We continued to evaluate the transmissibility of four selected recombinant seasonal H1N1 viruses (RG-Brisbane^HA,NA-H275Y, RG-NewCal^HA,NA, RG-NewCal^HA,NA-H275Y, and RG-NewCal^HA × Brisbane^NA-H275Y) in the ferret model. At the inoculation dose of 10⁴ PFU, peak titers were detected at 2 days postinoculation from donor ferrets inoculated with RG-Brisbane^HA,NA-H275Y, RG-NewCal^HA,NA, RG-NewCal^HA,NA-H275Y, or RG-NewCal^HA × Brisbane^NA-H275Y, with titers ranging from 6.4 to 8.3 log₁₀TCID₅₀/ml (Fig. 6). Transmission of all four viruses to naïve ferrets cohoused with donor ferrets was detected at 4 days postinoculation, with peak titers ranging from 5.7 to 7.3 log₁₀TCID₅₀/ml (Fig. 6). At 4 days postinoculation, transmission of RG-NewCal^HA,NA and RG-NewCal^HA × Brisbane^NA-H275Y to 2/2 naïve respiratory droplet contacts was detected, whereas for RG-NewCal^HA,NA-H275Y and RG-Brisbane^HA,NA-H275Y, only 1/2 and 0/2 naïve contacts became infected, respectively. Transmission of RG-NewCal^HA,NA-H275Y and RG-Brisbane^HA,NA-H275Y was then detected from all naïve respiratory droplet contacts at 6 days postinoculation (Fig. 6). By comparing the RG-NewCal^HA,NA and RG-NewCal^HA,NA-H275Y viruses, we observed that the H275Y NA mutation slightly decreased the respiratory droplet transmissibility but not the direct contact transmissibility; however, statistical analysis could not be performed due to the small sample size. The transmissibilities of the RG-NewCal^HA,NA and RG-NewCal^HA × Brisbane^NA-H275Y viruses were more comparable. Overall, we observed at the inoculation dose of 10⁴ PFU/ferret, all seasonal H1N1 viruses carrying the H275Y NA mutation could transmit to ferrets under cohoused or respiratory droplet contact settings.

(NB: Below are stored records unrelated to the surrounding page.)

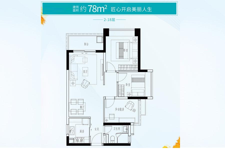 2室2厅1卫-建面78平户型
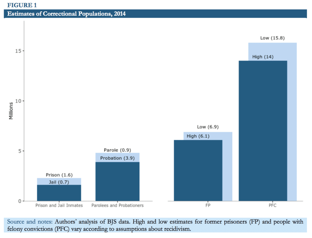 Despite modest declines in recent years, the large and decades-long blossoming of the prison population ensure that it will take many years before the United States sees a corresponding decrease in the number of former prisoners. Using data from the Bureau of Justice Statistics (BJS), this report estimates that there were between 14 and 15.8 million working-age people with felony convictions in 2014, of whom between 6.1 and 6.9 million were former prisoners.
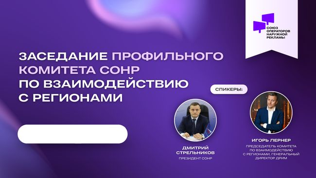 СОНР (Россия). Состоялось заседание профильного комитета Союза операторов наружной рекламы (СОНР) по взаимодействию с регионами. Модератором выступил председатель комитета, генеральный директор рекламного агентства «ДРИМ» Игорь Лернер.
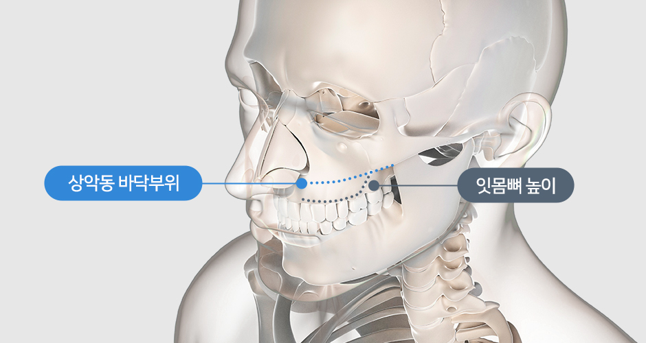 얇은 턱뼈 위에 코와 광대 사이 빈 공간으로 뼈 이식술을 동반해 임플란트를 식립합니다.
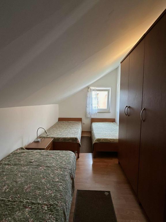 La maison est située à Vantacici, à 3 km de la ville. Vantacici est une petite station touristique située sur la côte nord-ouest de l'île dans une grande baie boisée. La maison est loin de la mer et 120m à la plage peut être atteint dans un maillot de bain. La plage a beaucoup et peut être choisi parmi le gravier et la plage en béton. Près de la maison il y a un magasin d'épicerie (100 m), pizzeria (50 m), un café (100m). Dans le village Porat (environ 500m) est voisin quelques très bons restaurants et bien connus avec l'offre riche de poissons et d'autres spécialités. Environ 3 km de la maison il y a plusieurs grands centres commerciaux avec une offre riche. Vantačić dispose également d'un port de plaisance (300 m), ainsi que Porat et Malinska. Toutes les autres offres intéressantes pour les visiteurs se trouve à Malinska: banques, bureaux de change, bureaux de poste, le marché, de nombreux magasins et restaurants, animations pour les enfants (parc d'attractions et trampoline).
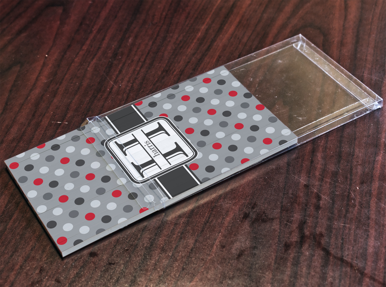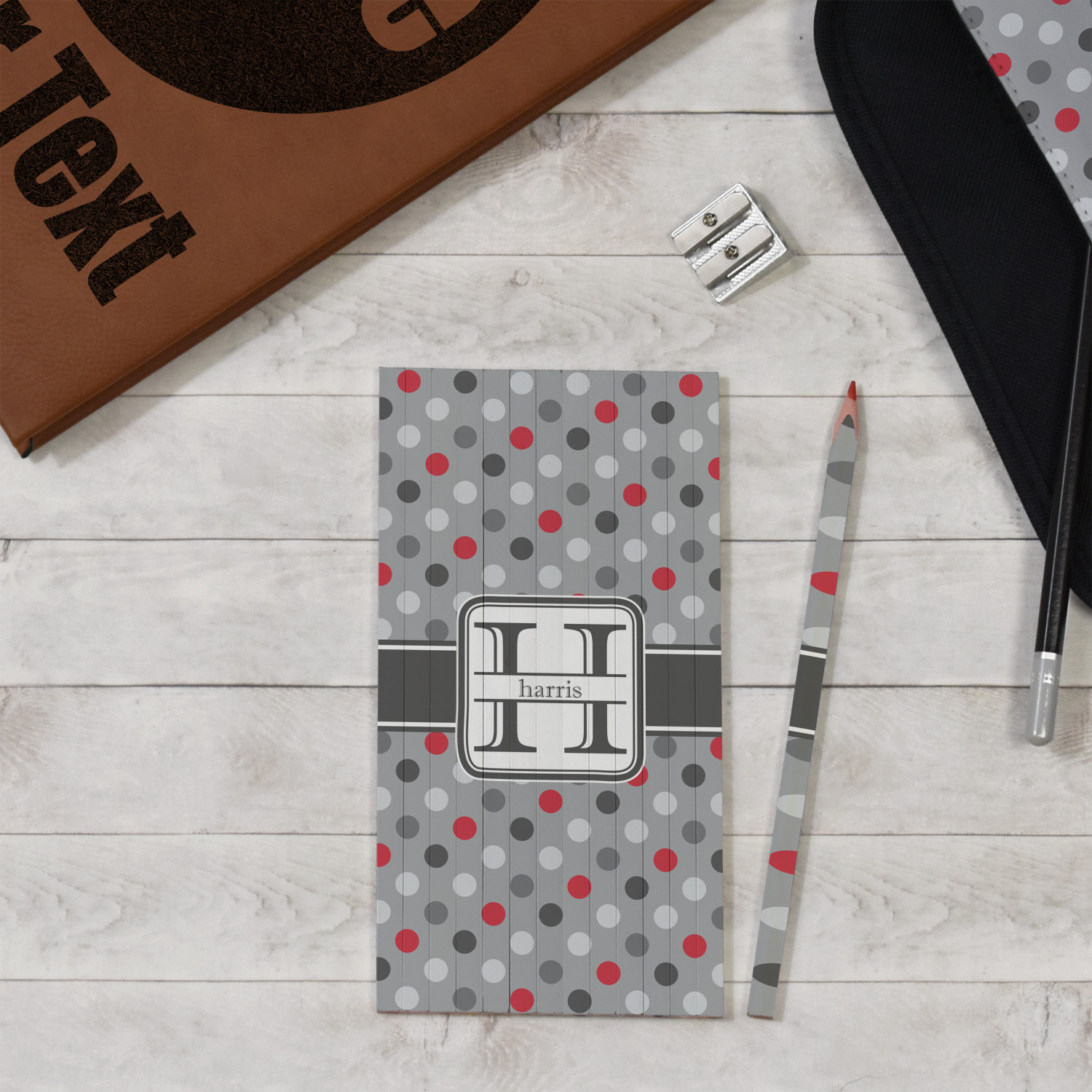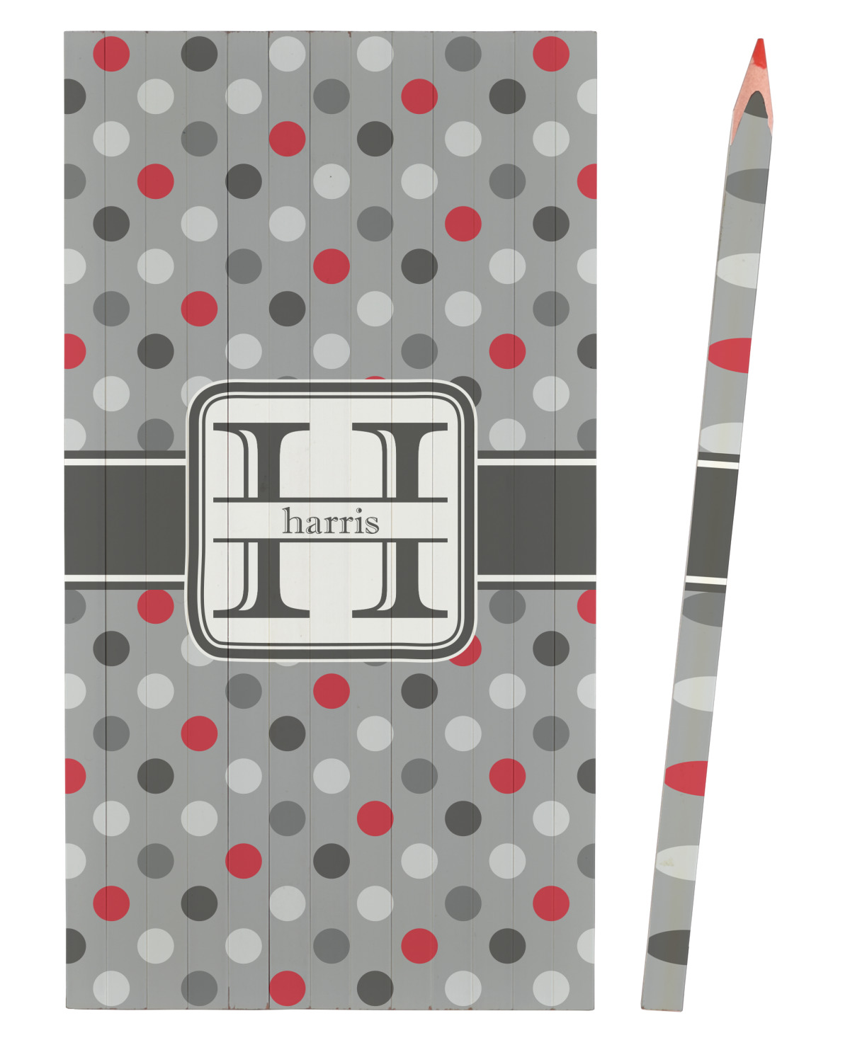 Polka dots have grown up and are not just for kids anymore. We have taken a pattern that is normally for children and by adding a modern color scheme have created a very versatile design that can be used for both adults and children. The polka dot design is set on a background of medium gray. Using coordinating colors of different shades of gray and red creates a very modern take on the timeless polka dot pattern.
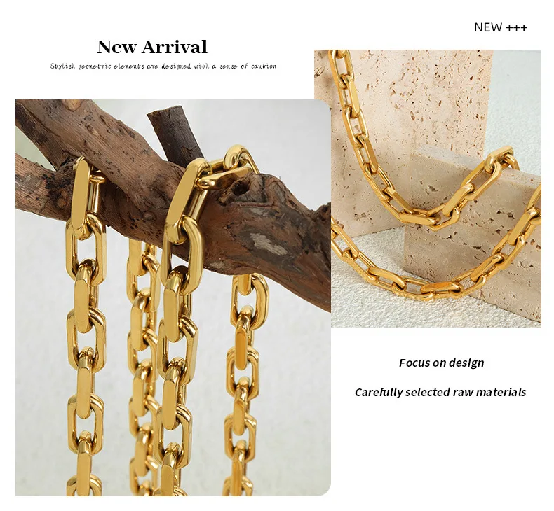 Ilona 18k Gold Plated Hip Hop Anti Tarnish Stainless Steel Jewelry Sets Thick Cuban Link Chain Necklace Bracelet Sets for Women
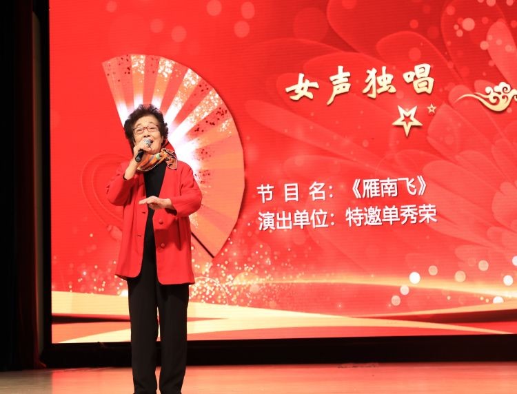 大家耳熟能详的《雁南飞》、《沂蒙颂》、《归心似箭》等歌曲影响了几代人。万众期待,本次艺术节特别有幸邀请到了中国歌剧舞剧院著名女高音歌唱家、国家一级演员77岁的单秀荣老师。现场气氛达到沸点。
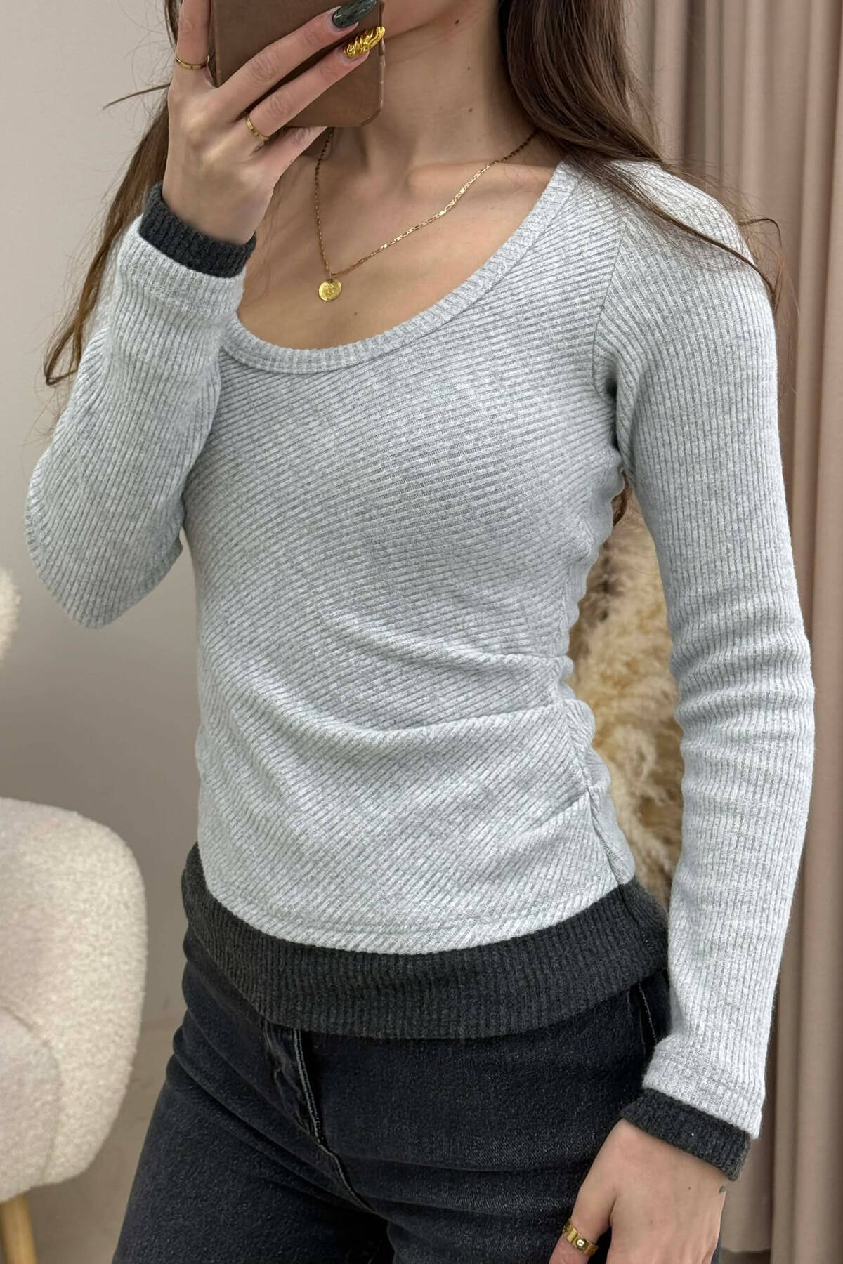 ROUND OPEN NECK SIMPLE WOMEN SWEATSHIRT LIGHT GREY/GZ
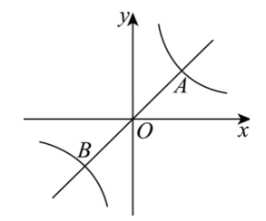 如图,同一平面直角坐标系下的正比例函数 $y=a x$ 与反比例函数 $y=\frac{2-a}{x}$ 相交于点 A 和点 $B$ .若 A 的横坐标为 1 ,则 $B$ 的坐标为

Fig 6 — Transmission of RG-NewCal^HA,NA, RG-NewCal^HA,NA-H275Y, RG-NewCal^HA × Brisbane^NA-H275Y, and RG-Brisbane^HA,NA-H275Y viruses in ferrets. The direct contact and respiratory droplet contact transmissibilities of RG-NewCal^HA,NA (A), RG-NewCal^HA,NA-H275Y (B), RG-NewCal^HA × Brisbane^NA-H275Y (C), and RG-Brisbane^HA,NA-H275Y (D) viruses are shown. Viral titers (in log₁₀ TCID₅₀/ml) were obtained from the nasal washes of individual donor ferrets (yellow), direct contacts (green), and respiratory droplet contacts (blue). The detection limit was 10^2.2 TCID₅₀/ml.

DISCUSSION

The H275Y mutation that confers resistance to oseltamivir carboxylate has been detected from human infections of different influenza N1 subtypes, including seasonal H1N1 (11, 20, 31, 40, 49, 61, 67), highly pathogenic H5N1 (10, 41), and more recently, in A(H1N1)pdm09 viruses (18, 21, 30, 32, 63). Epidemiological data suggest that the fitness and the transmission potential of resistant variants carrying the H275Y NA mutation may vary between strains, with the observation of the unprecedented global spread of the Brisbane-like seasonal H1N1 virus during the 2008-2009 influenza season. While different in vitro or in vivo models (5, 13, 23, 27, 33, 35, 37, 48, 52, 60) were used to evaluate the fitness of viruses carrying the H275Y mutation, its effect on different N1 NA cannot be directly compared. The effect of this mutation in vitro has been previously addressed in a systematic manner by using different seasonal H1N1 influenza viruses (2), while in the present study we used three antigenically representative human seasonal strains, including the pandemic 2009 virus. Our results showed that the H275Y mutation consistently led to reduced NA enzyme function and a decreased ability to establish infection in mucin-secreting primary airway epithelial cells. Under coinfection conditions in NHBE and MDCK-SIAT1 cells, we also observed a minor survival advantage of RG-CA04 over RG-CA04^NA-H275Y in the absence of oseltamivir carboxylate. Despite the detections of reduced viral competencies, both seasonal and A(H1N1)pdm09 viruses carrying the H275Y mutation were efficiently transmitted to naïve direct contact or respiratory droplet contact ferrets under the same experimental condition that a control swine influenza virus could only transmit to the naïve direct contact ferrets but not to the respiratory droplet contacts (data not shown). Our results suggest that the H275Y mutation in H1N1 influenza virus leads to a minor reduction in viral fitness, with its transmission potential being minimally affected in the ferret model.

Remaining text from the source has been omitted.